On 12 Jun., 18:31, William Hughes <wpihug...@hotmail.com> wrote: > On Jun 12, 12:13 pm, WM <mueck...@rz.fh-augsburg.de> wrote: > > > > > > > On 12 Jun., 17:42, William Hughes <wpihug...@hotmail.com> wrote: > > > > On Jun 12, 10:36 am, WM <mueck...@rz.fh-augsburg.de> wrote: > > > > > On 12 Jun., 12:23, William Hughes <wpihug...@hotmail.com> wrote: > > > > > > On Jun 12, 3:14 am, WM <mueck...@rz.fh-augsburg.de> wrote: > > > > > > > On 11 Jun., 23:06, William Hughes <wpihug...@hotmail.com> wrote: > > > > > > > > On Jun 11, 4:38 pm, WM <mueck...@rz.fh-augsburg.de> wrote: > > > > > > > > > On 11 Jun., 21:33, William Hughes <wpihug...@hotmail.com> wrote: > > Your claim is that "no possibility exists to construct or to > distinguish by one or many or infinitely many nodes > of the tree another path."
So it is.
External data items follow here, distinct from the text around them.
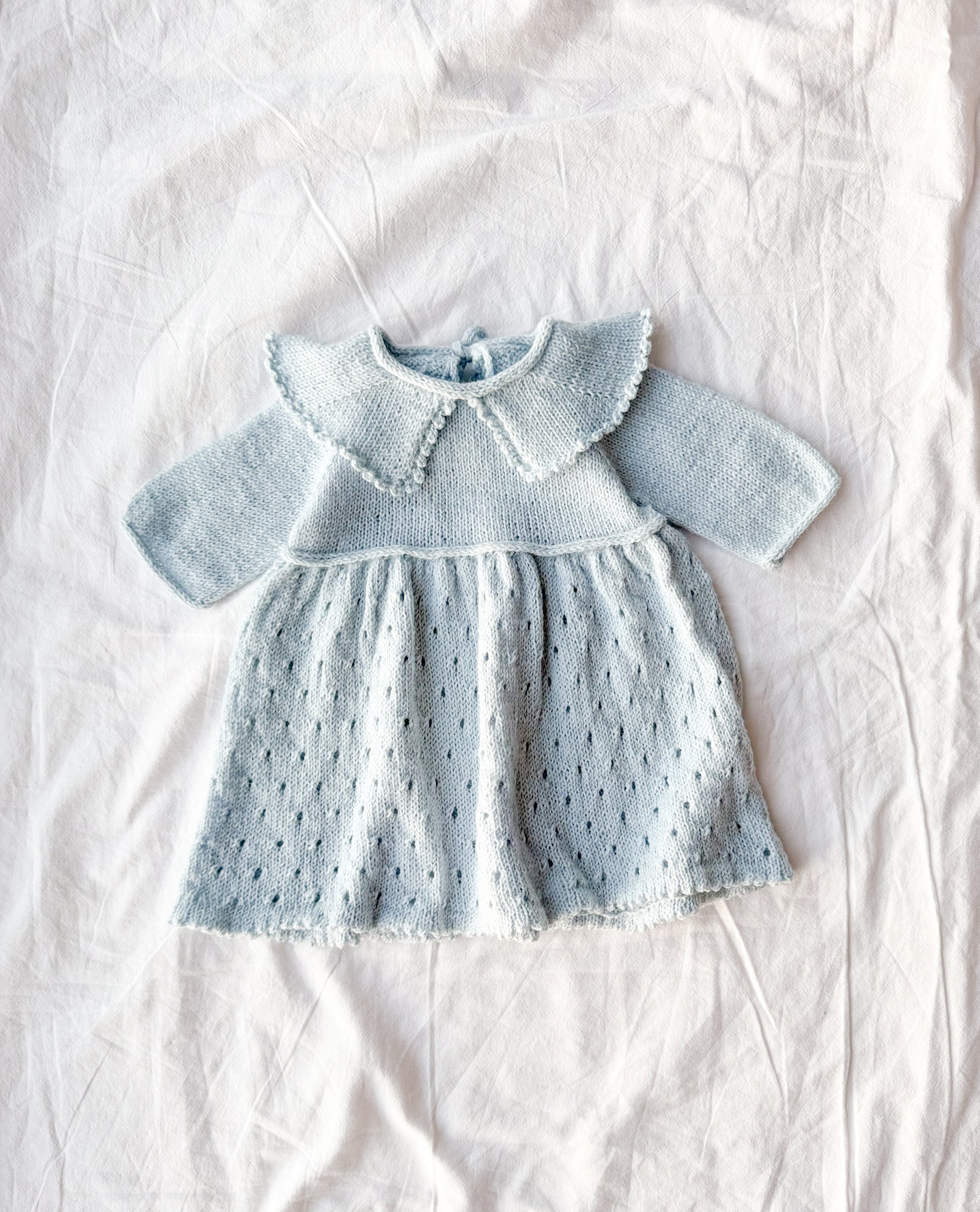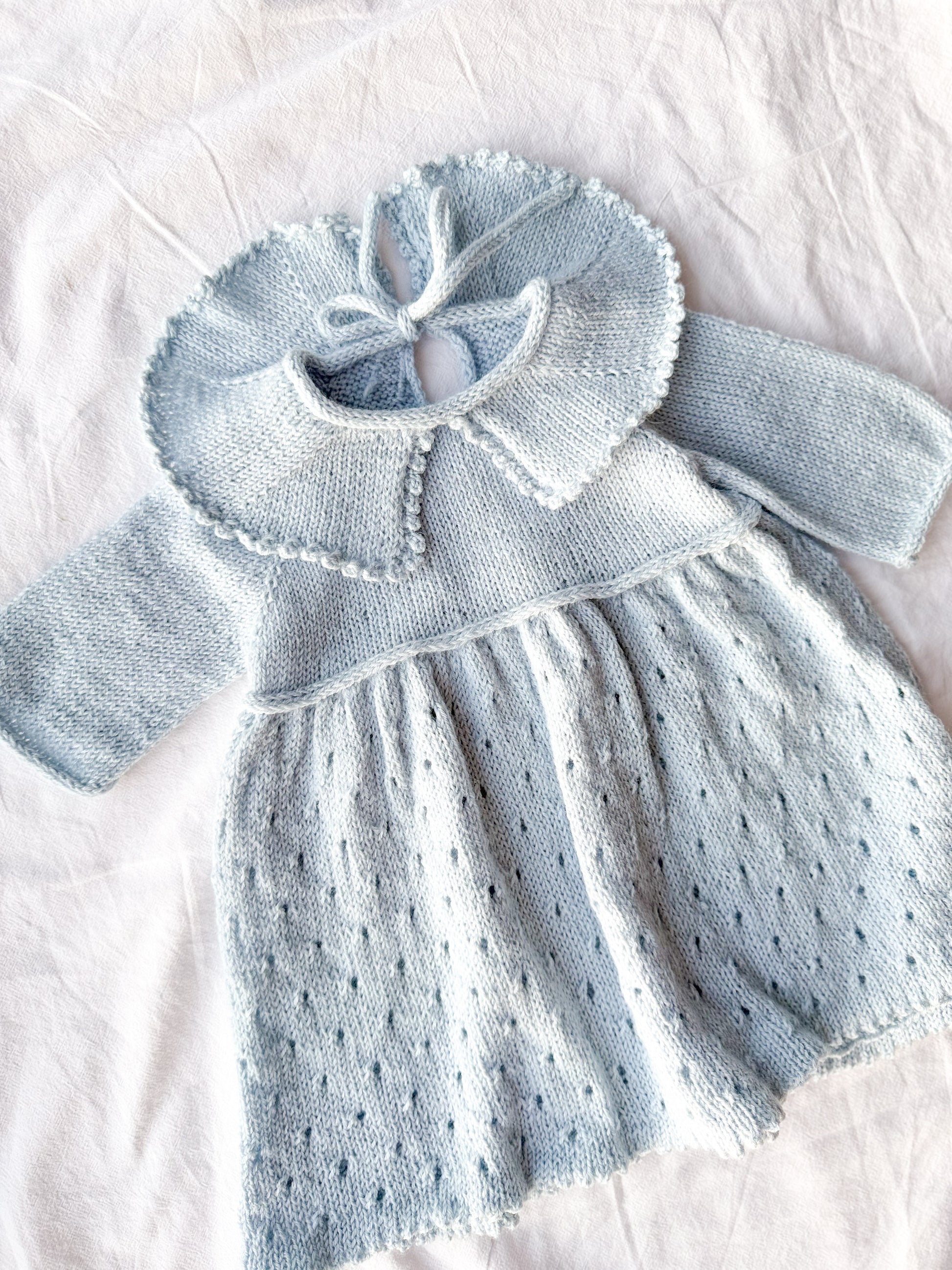 Strikkes ovenfra og ned, med fokus på rene linjer og gjennomtenkte detaljer. Overdelen og ermene strikkes i glattstrikk, noe som gir et tidløst og behagelig uttrykk. Skjørtet prydes av et enkelt og delikat hullmønster som tilfører kjolen liv og struktur uten å ta over helheten. I nakken strikkes en elegant splitt med en I-cord-snor som knytes bak, en liten detalj som gir kjolen et personlig preg i riktig Ellie stil. For best passform er det brukt vendestrikk i nakken. Halskant, ermekanter og livet avsluttes med I-cord, som gir en ren og myk finish.
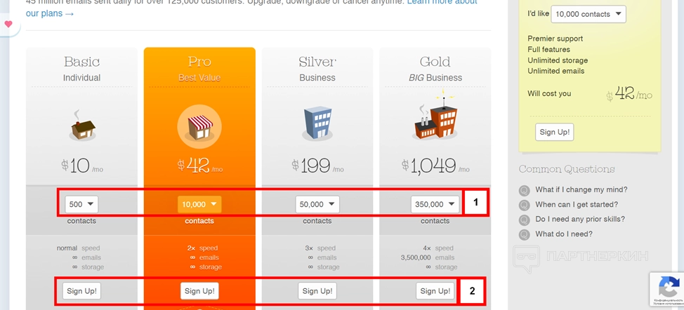 - Под тарифом выберите количество подписчиков (1). Стоимость сразу поменяется. Нажмите на кнопку «Зарегистрируйтесь» (2).
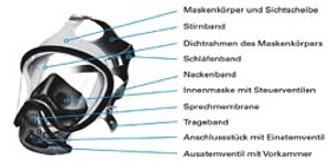 Die Innenmaske mit Steuerventilen hat die Aufgabe, den gerätetechnischen Totraum möglichst klein halten und das Beschlagen der Scheibe zu verhindern.
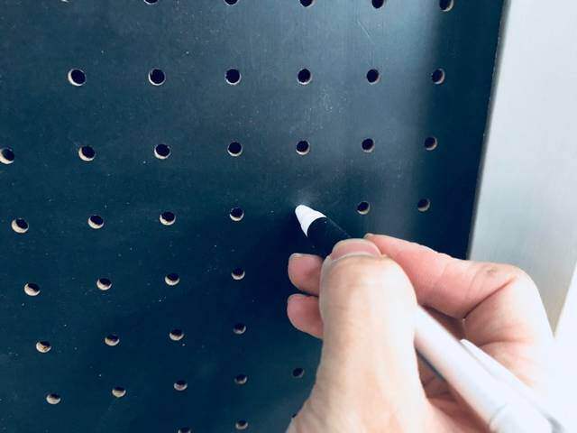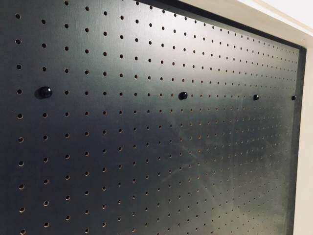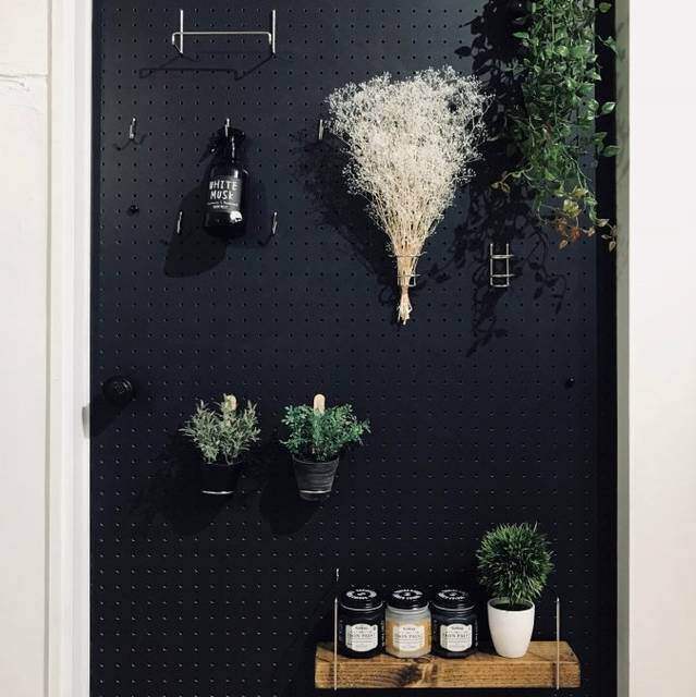 部屋の雰囲気に合わせて、今回は黒い有孔ボードを用意しました。
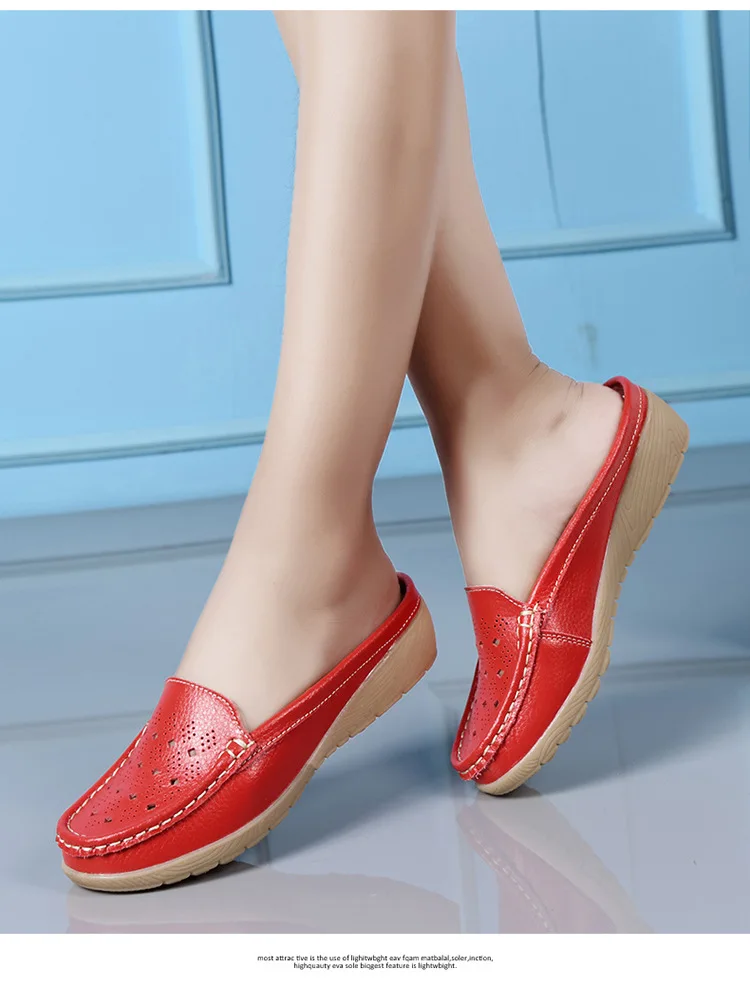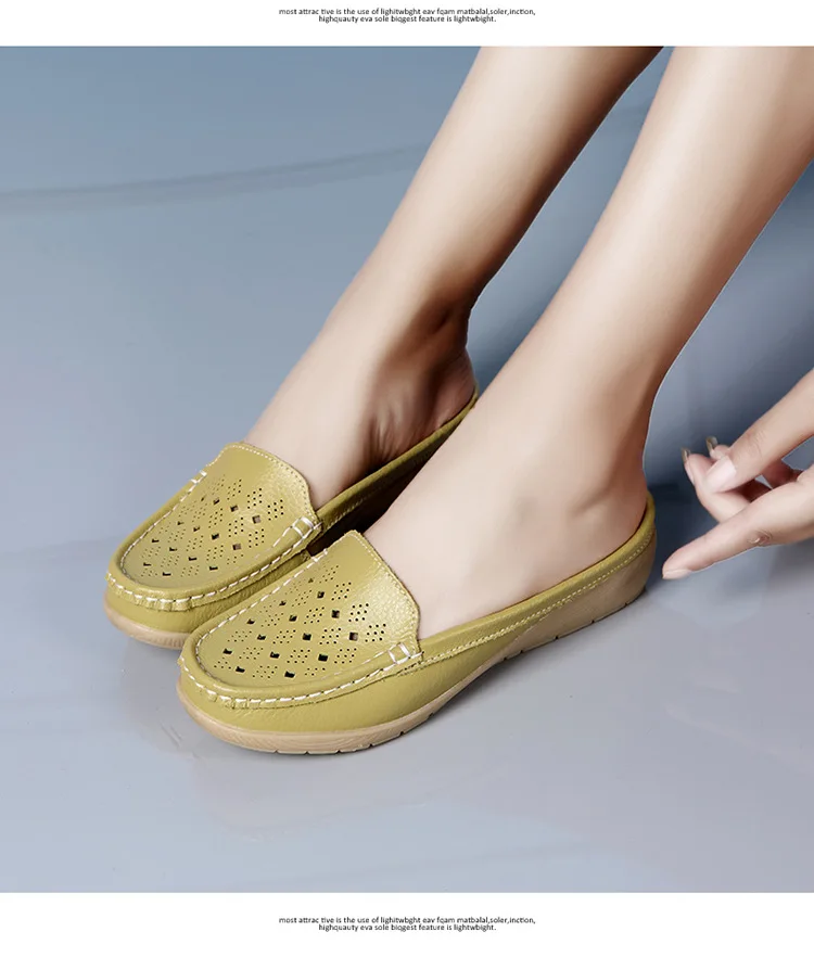Туфли женские из натуральной кожи, перфорированные лоферы, мягкая обувь для мам, плоская подошва, Мокасины, Размеры 35-41, летняя обувь
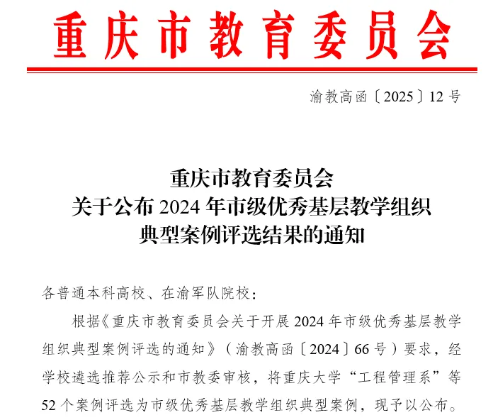 本次评选活动由重庆市教育委员会组织开展,旨在表彰在基层教学组织建设中表现突出的典型案例,推动高校教育教学质量提升。经过学校遴选推荐、公示以及市教委严格审核,软件工程系从众多参评单位中脱颖而出,成为市级优秀基层教学组织典型案例之一。

Proof: Let me construct a tree. I will not tell you what kind of paths I use. For instance I could use terminating paths or paths with tails 111... or paths with tails pi-3 or paths with tails e-2 or a mixture of many kinds of paths. I will present you the tree when it is ready. Would you bet to be able to distinuish your path from the set that I have used?
> > > the tree contains every element of > > > P and the path p. Since they have not changed form it > > > is still possible to distinguish p from every element of P. > > > Sorry, that is impossible. > > Note that you have agreed > > the binary tree contains a path > p that can be distinguished from > every element of P. > > this directly contradicts your claim that > > no possibility exists to construct or to > distinguish by one or many or infinitely many nodes > of the tree another path.
So let us play the game. Choose a path and try to distinguish it from the set of paths that completely cover my tree. > > > Every node of path p and every set of nodes > > of path p is covered by one or more paths of P. > > Indeed, one *or more* paths of P. > The set of nodes in path p is > not covered by one path in P.
Ok. Let us start. I often get spam mails offering some millions of dollars. I will risk one of them, say 10 million dollars on the claim that you will not be able to distinguish your path from the set of paths that I have used for construction. What about your stakes?